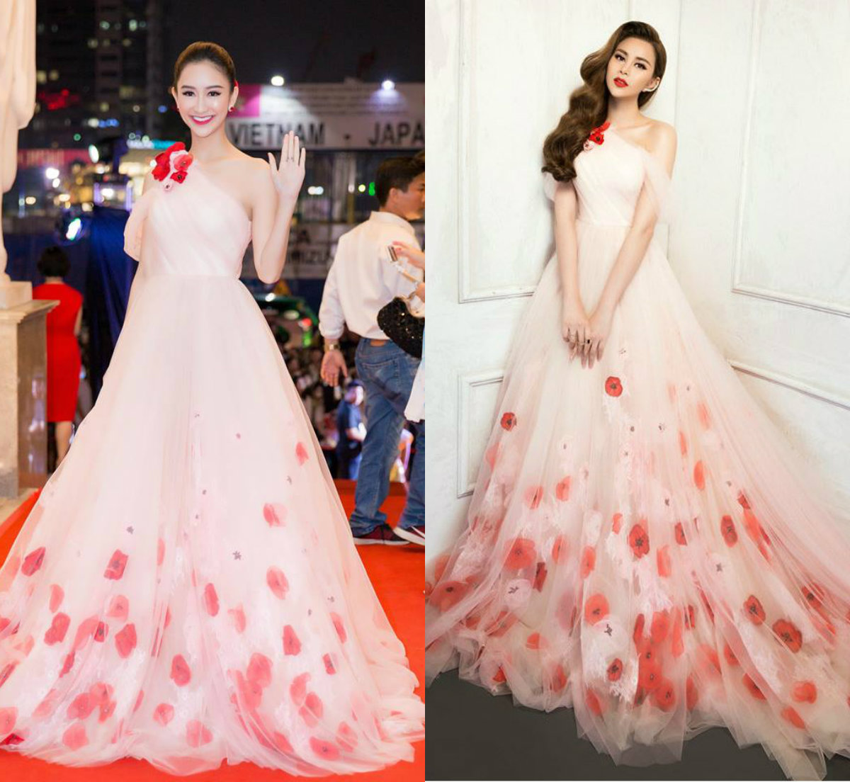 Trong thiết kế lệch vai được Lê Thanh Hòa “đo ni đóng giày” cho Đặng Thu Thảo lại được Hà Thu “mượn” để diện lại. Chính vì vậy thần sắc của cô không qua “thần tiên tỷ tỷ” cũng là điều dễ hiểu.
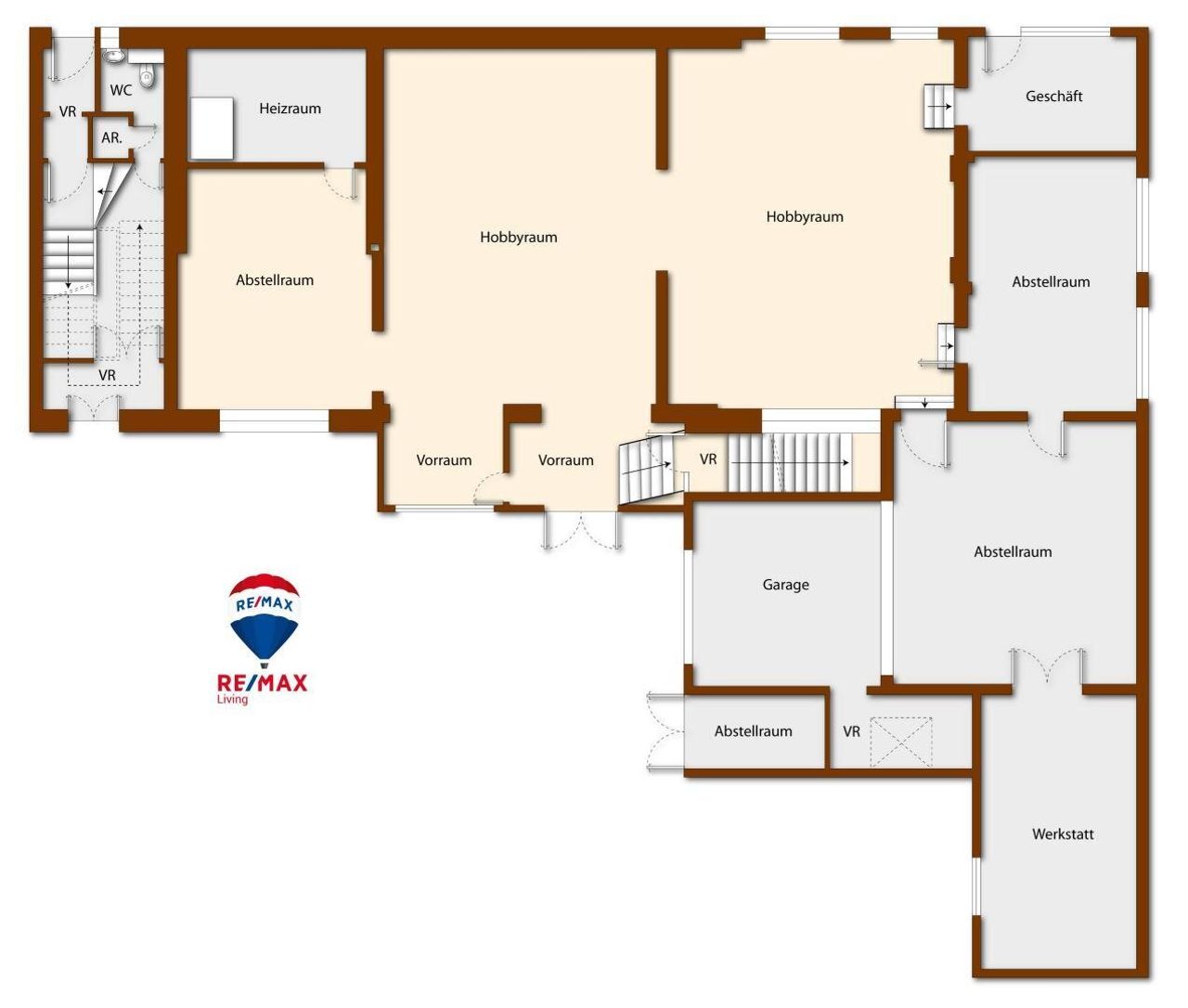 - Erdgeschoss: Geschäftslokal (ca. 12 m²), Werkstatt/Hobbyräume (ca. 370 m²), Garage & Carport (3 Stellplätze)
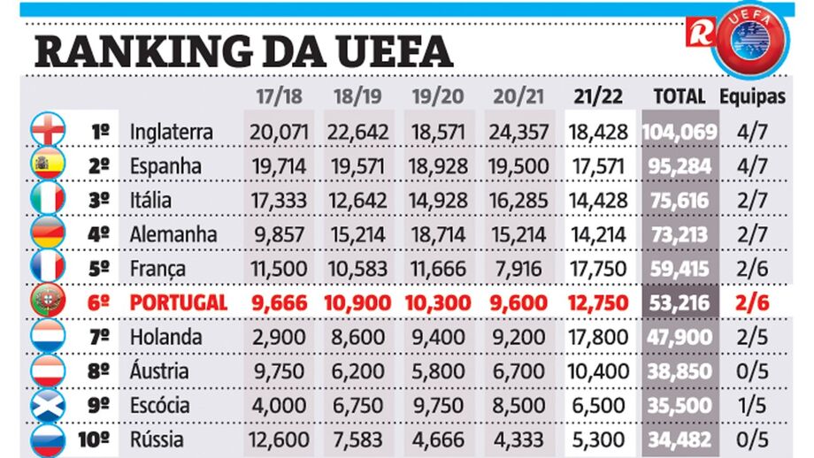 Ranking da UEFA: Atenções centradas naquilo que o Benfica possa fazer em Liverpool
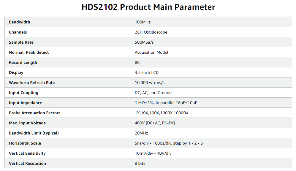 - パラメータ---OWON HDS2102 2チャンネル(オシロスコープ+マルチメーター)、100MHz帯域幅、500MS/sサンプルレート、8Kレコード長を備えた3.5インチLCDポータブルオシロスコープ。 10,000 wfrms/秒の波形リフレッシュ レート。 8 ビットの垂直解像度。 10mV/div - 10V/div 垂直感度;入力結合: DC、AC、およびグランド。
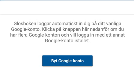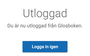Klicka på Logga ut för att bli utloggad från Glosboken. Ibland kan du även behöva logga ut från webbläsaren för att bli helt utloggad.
────────────────────────────────────────
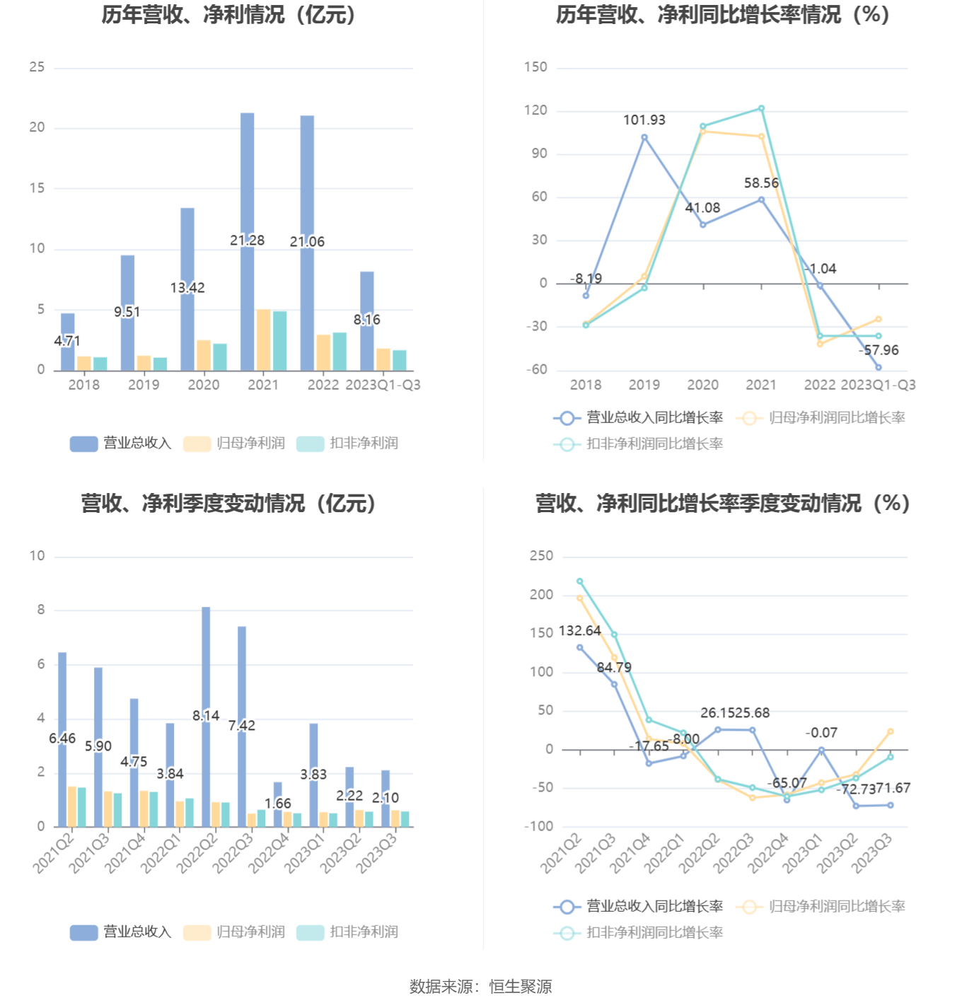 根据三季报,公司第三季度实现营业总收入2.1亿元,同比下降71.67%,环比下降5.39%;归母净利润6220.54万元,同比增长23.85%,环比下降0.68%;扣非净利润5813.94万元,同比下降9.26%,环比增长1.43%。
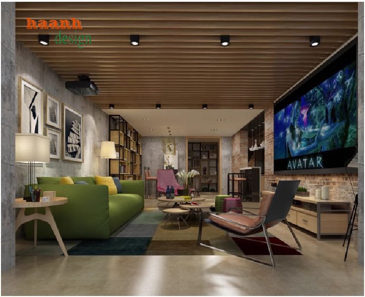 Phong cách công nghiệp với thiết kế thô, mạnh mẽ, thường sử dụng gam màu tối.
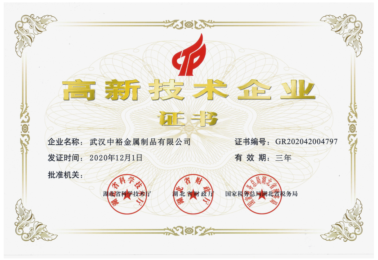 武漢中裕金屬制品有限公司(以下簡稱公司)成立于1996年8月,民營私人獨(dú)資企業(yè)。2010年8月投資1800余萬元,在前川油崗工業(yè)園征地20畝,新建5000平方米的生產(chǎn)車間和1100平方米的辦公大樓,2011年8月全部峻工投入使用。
────────────────────────────────────────
- Directions for this task
Print exactly the lines above that run from the one with "Trong thiết kế" to the one with "Klicka på Logga", both included. No pictures.

- Result of this exercise
 Trong thiết kế lệch vai được Lê Thanh Hòa “đo ni đóng giày” cho Đặng Thu Thảo lại được Hà Thu “mượn” để diện lại. Chính vì vậy thần sắc của cô không qua “thần tiên tỷ tỷ” cũng là điều dễ hiểu.
 - Erdgeschoss: Geschäftslokal (ca. 12 m²), Werkstatt/Hobbyräume (ca. 370 m²), Garage & Carport (3 Stellplätze)
 Ranking da UEFA: Atenções centradas naquilo que o Benfica possa fazer em Liverpool
 - パラメータ---OWON HDS2102 2チャンネル(オシロスコープ+マルチメーター)、100MHz帯域幅、500MS/sサンプルレート、8Kレコード長を備えた3.5インチLCDポータブルオシロスコープ。 10,000 wfrms/秒の波形リフレッシュ レート。 8 ビットの垂直解像度。 10mV/div - 10V/div 垂直感度;入力結合: DC、AC、およびグランド。
Klicka på Logga ut för att bli utloggad från Glosboken. Ibland kan du även behöva logga ut från webbläsaren för att bli helt utloggad.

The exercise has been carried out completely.